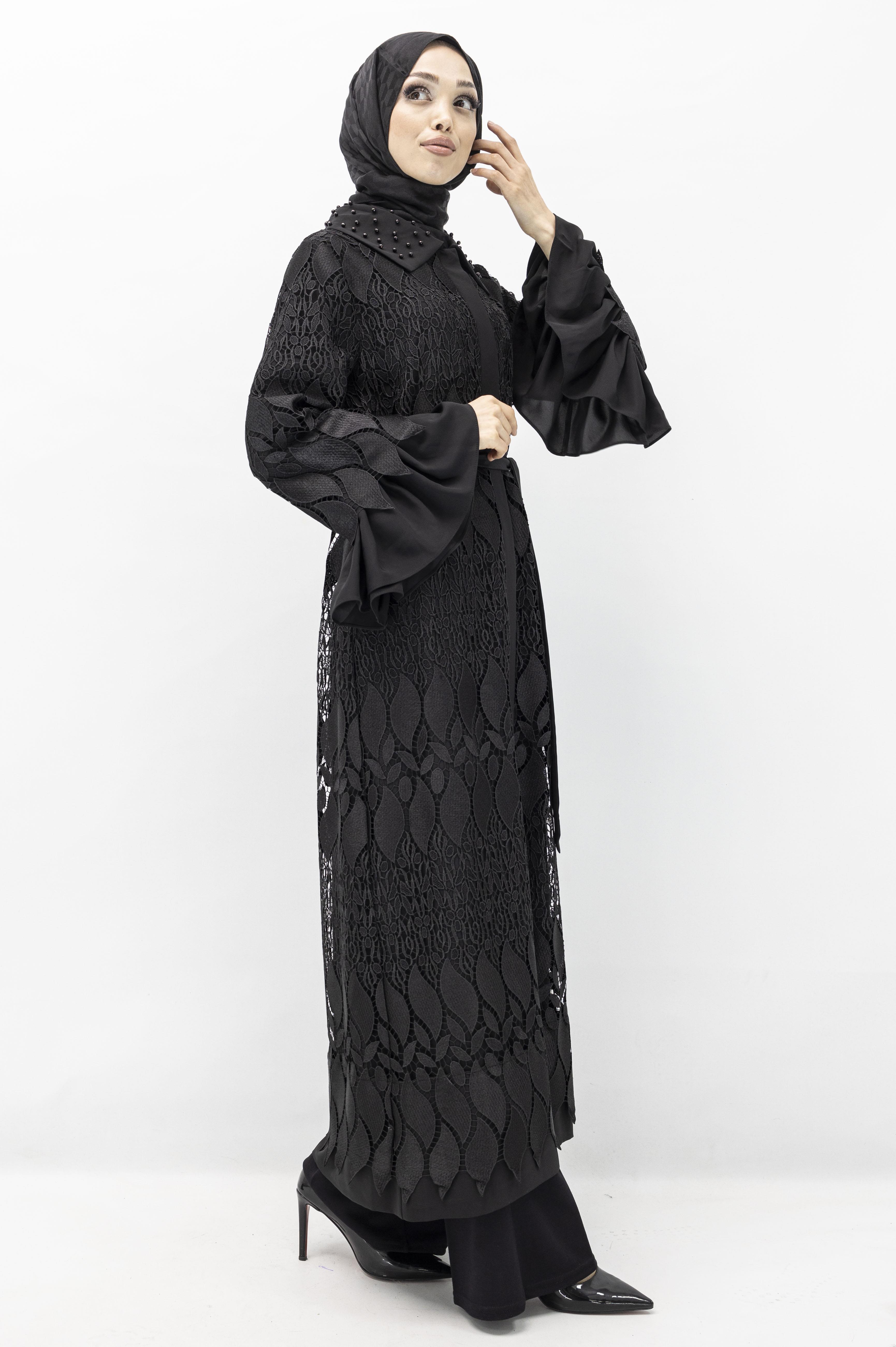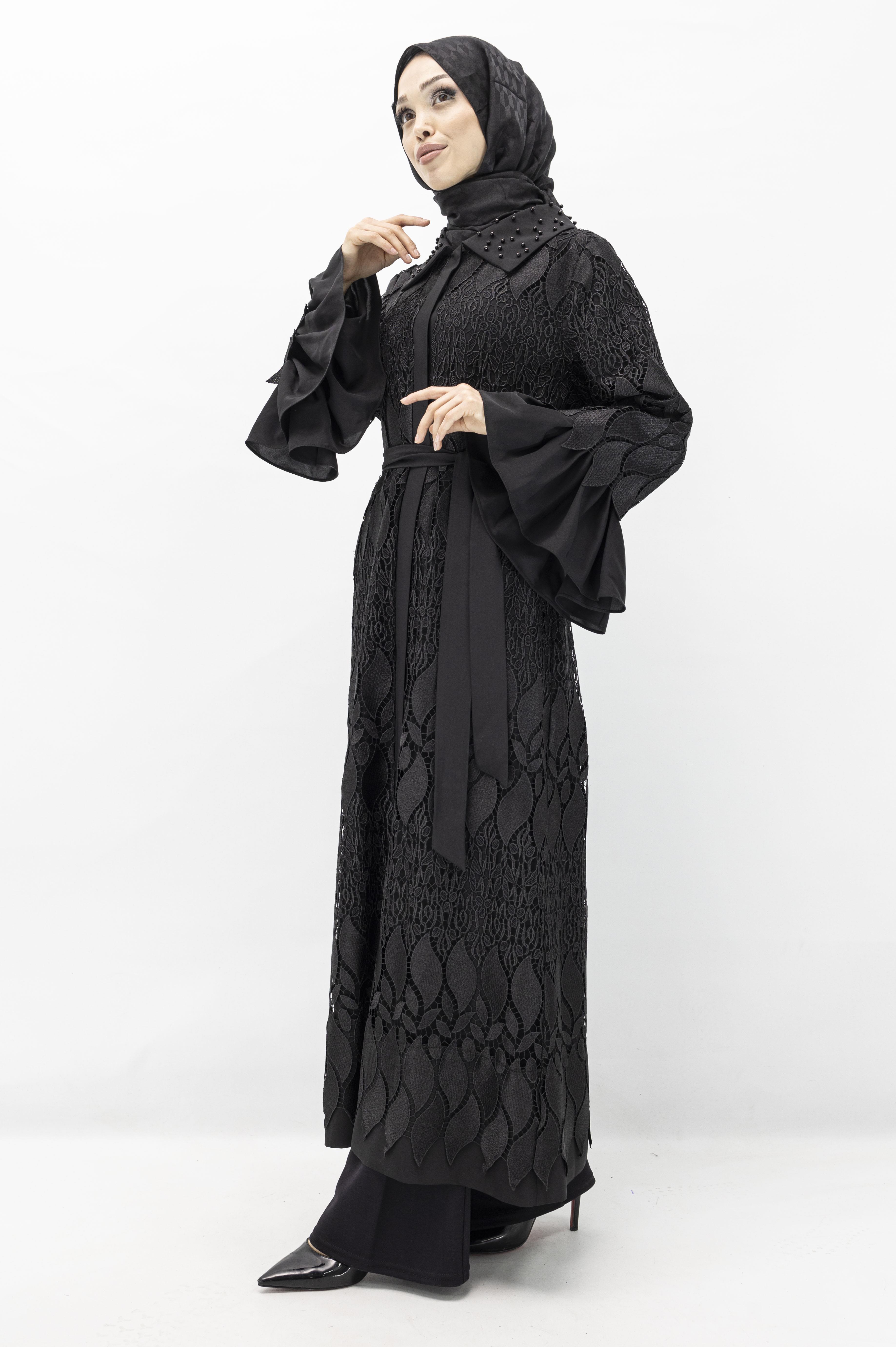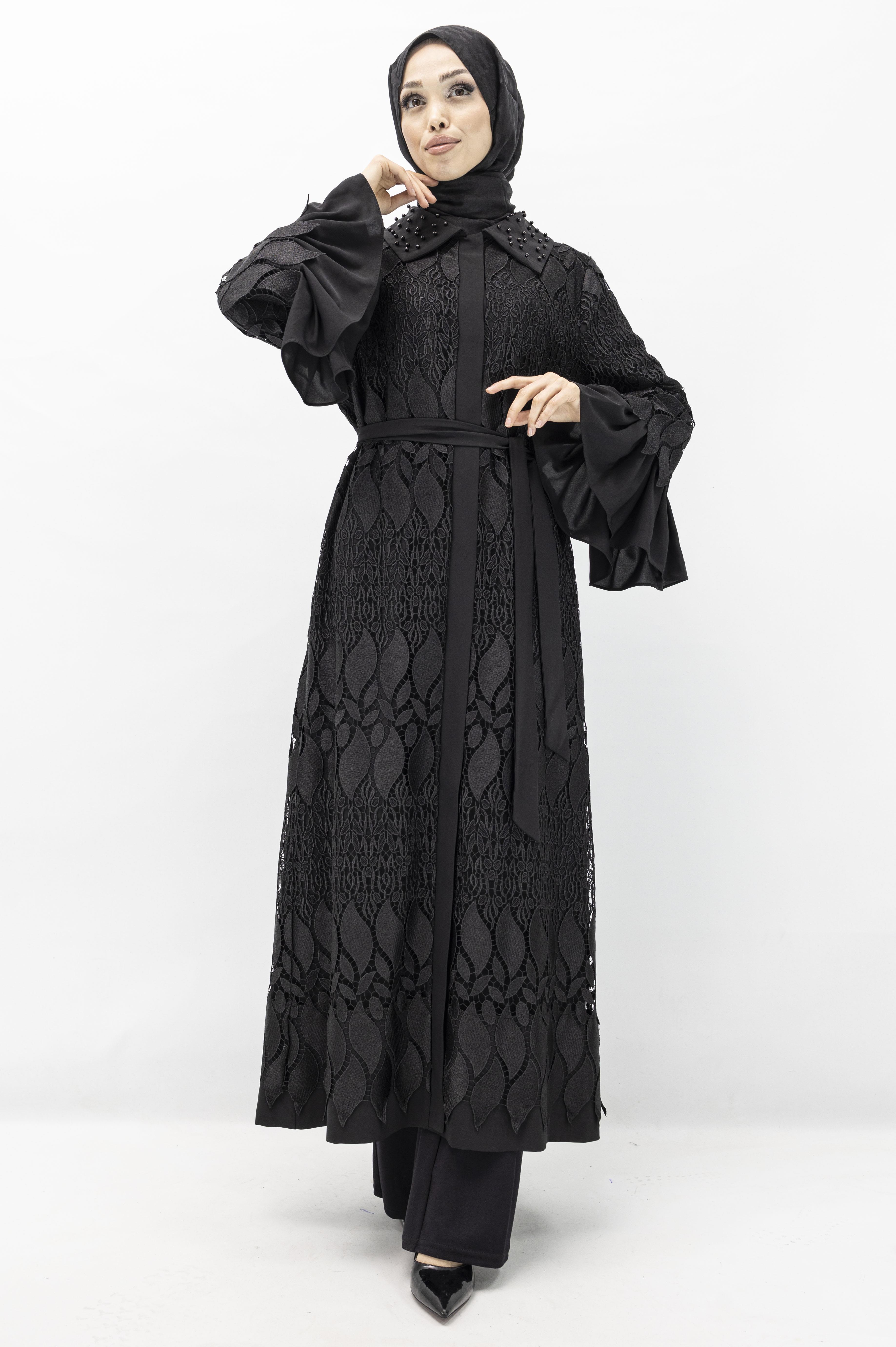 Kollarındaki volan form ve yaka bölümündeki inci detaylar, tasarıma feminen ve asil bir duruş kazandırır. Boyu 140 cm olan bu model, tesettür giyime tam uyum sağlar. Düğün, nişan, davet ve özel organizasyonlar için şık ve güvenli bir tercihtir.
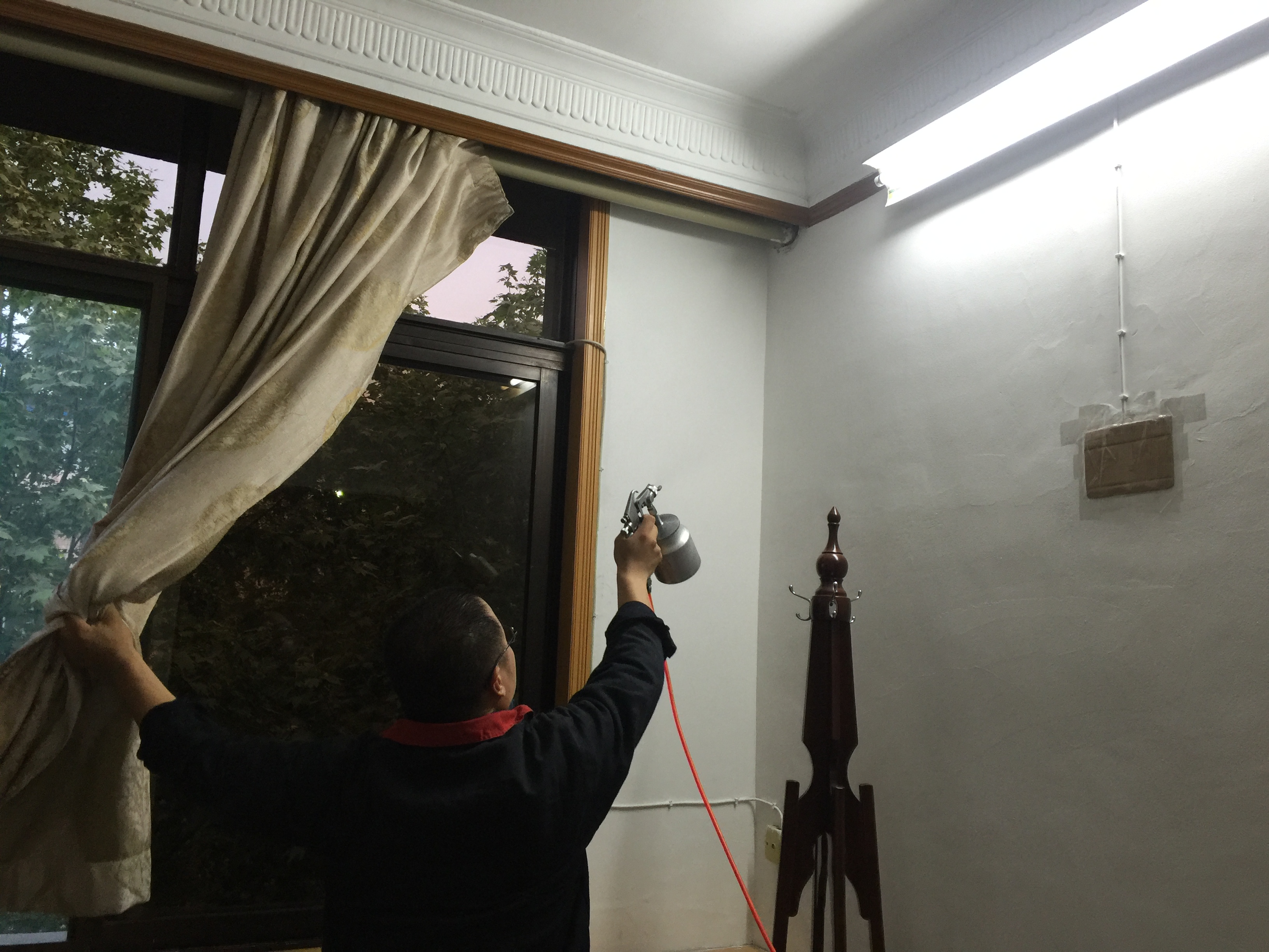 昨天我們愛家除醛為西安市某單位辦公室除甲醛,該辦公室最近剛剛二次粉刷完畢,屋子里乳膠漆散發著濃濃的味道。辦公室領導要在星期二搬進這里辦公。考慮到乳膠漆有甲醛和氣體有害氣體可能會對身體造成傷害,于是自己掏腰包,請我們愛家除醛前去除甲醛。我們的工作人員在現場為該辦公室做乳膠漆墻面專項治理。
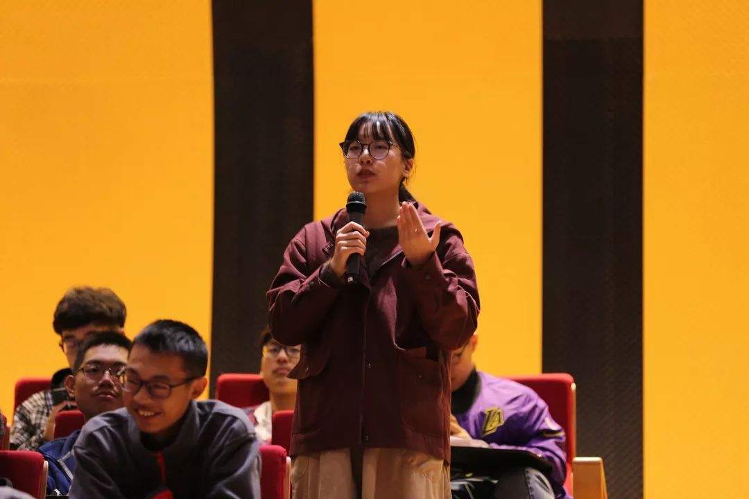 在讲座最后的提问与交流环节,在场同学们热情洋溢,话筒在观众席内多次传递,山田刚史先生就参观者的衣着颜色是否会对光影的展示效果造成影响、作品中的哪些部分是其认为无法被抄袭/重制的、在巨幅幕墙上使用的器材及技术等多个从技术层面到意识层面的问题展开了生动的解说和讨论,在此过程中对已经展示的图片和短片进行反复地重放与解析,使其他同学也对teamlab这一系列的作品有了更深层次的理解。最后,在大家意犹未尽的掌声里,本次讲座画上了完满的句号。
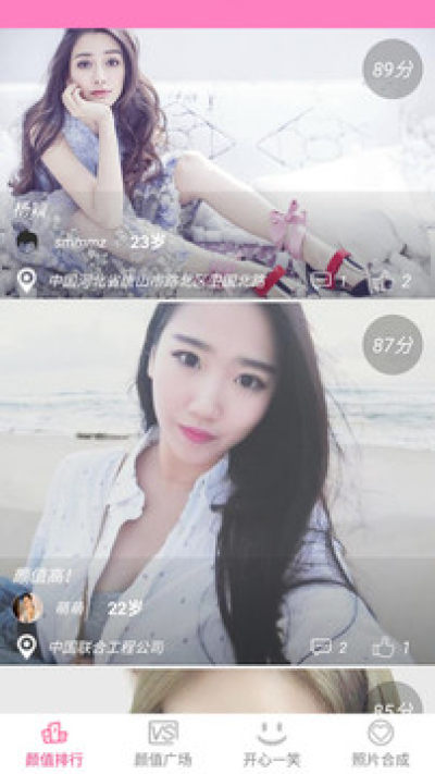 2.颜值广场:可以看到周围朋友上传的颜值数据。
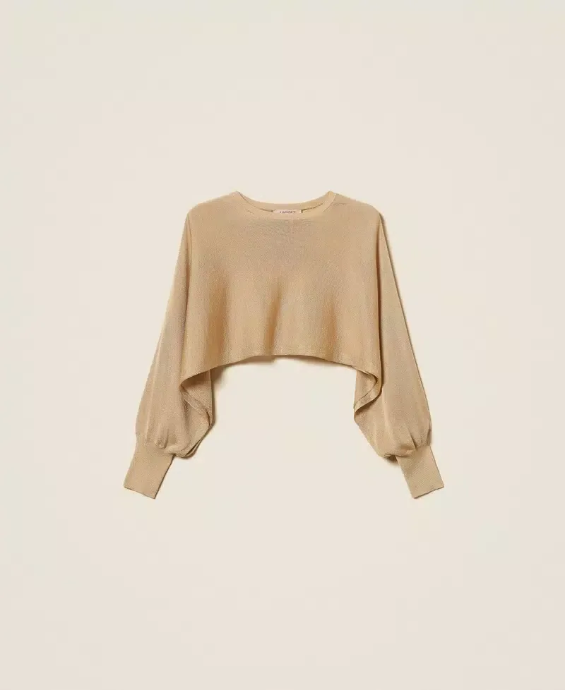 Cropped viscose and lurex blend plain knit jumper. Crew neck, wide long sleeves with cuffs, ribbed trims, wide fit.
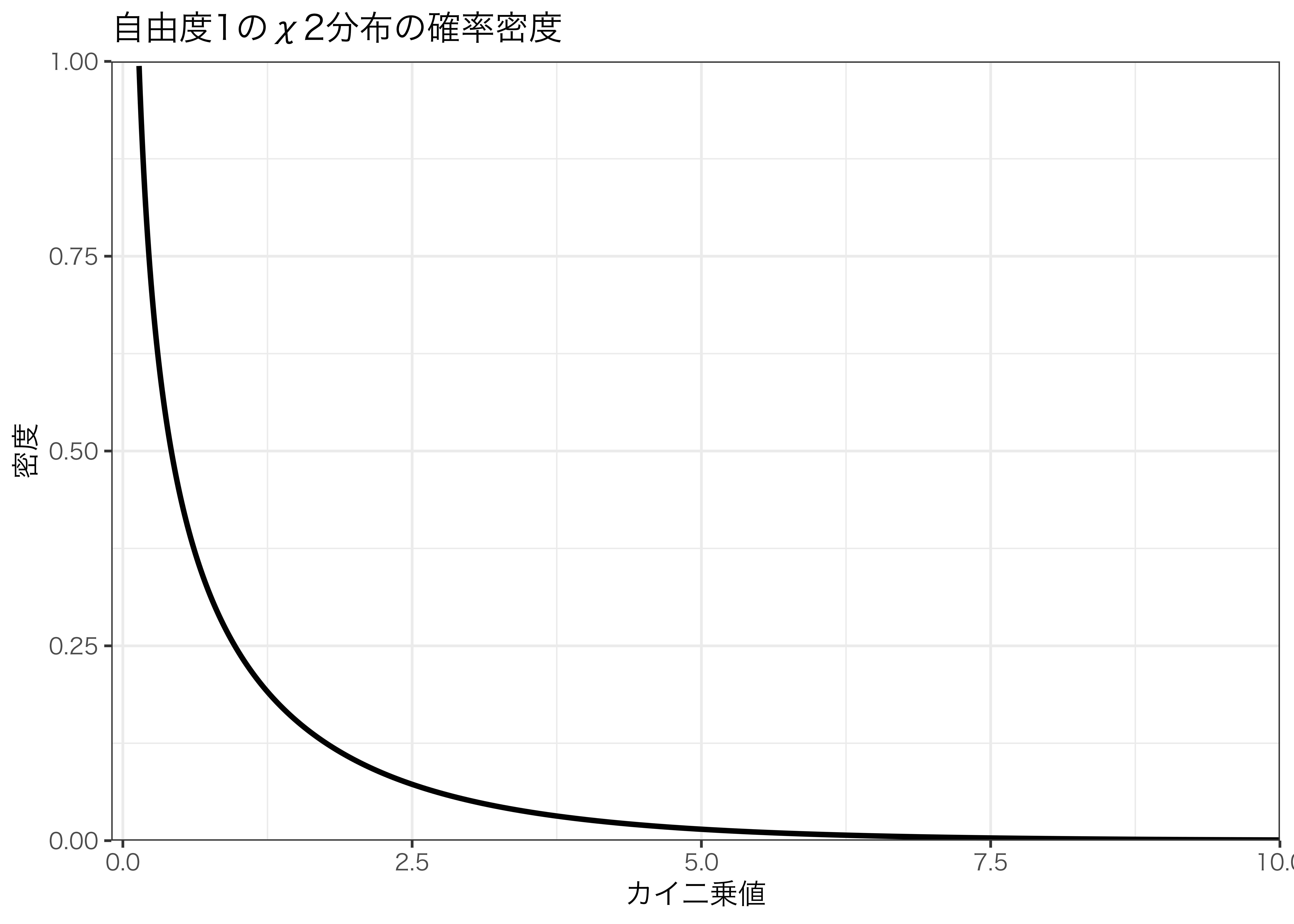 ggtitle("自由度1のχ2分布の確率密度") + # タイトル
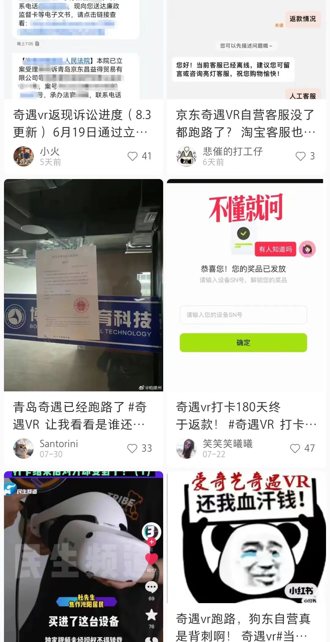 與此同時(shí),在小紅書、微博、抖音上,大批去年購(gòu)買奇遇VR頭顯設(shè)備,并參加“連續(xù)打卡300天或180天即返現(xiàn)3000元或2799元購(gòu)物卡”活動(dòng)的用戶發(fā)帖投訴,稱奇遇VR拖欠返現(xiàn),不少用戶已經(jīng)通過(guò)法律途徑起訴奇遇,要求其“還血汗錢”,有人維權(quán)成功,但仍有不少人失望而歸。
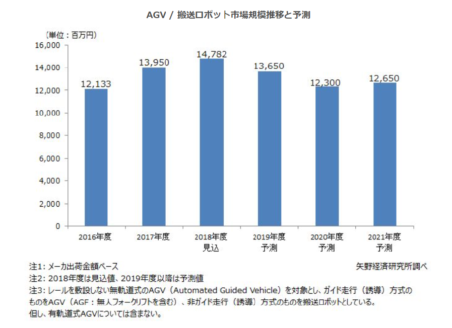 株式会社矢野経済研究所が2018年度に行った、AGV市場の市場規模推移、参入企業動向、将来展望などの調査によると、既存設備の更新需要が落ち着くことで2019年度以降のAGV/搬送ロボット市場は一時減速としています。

**DIRECTIONS**
From the line containing "Cropped viscose and" down to the end of the listing above, every line is to be returned exactly, though the pictures are not.

**ANSWER**
 Cropped viscose and lurex blend plain knit jumper. Crew neck, wide long sleeves with cuffs, ribbed trims, wide fit.
 ggtitle("自由度1のχ2分布の確率密度") + # タイトル
 與此同時(shí),在小紅書、微博、抖音上,大批去年購(gòu)買奇遇VR頭顯設(shè)備,并參加“連續(xù)打卡300天或180天即返現(xiàn)3000元或2799元購(gòu)物卡”活動(dòng)的用戶發(fā)帖投訴,稱奇遇VR拖欠返現(xiàn),不少用戶已經(jīng)通過(guò)法律途徑起訴奇遇,要求其“還血汗錢”,有人維權(quán)成功,但仍有不少人失望而歸。
 株式会社矢野経済研究所が2018年度に行った、AGV市場の市場規模推移、参入企業動向、将来展望などの調査によると、既存設備の更新需要が落ち着くことで2019年度以降のAGV/搬送ロボット市場は一時減速としています。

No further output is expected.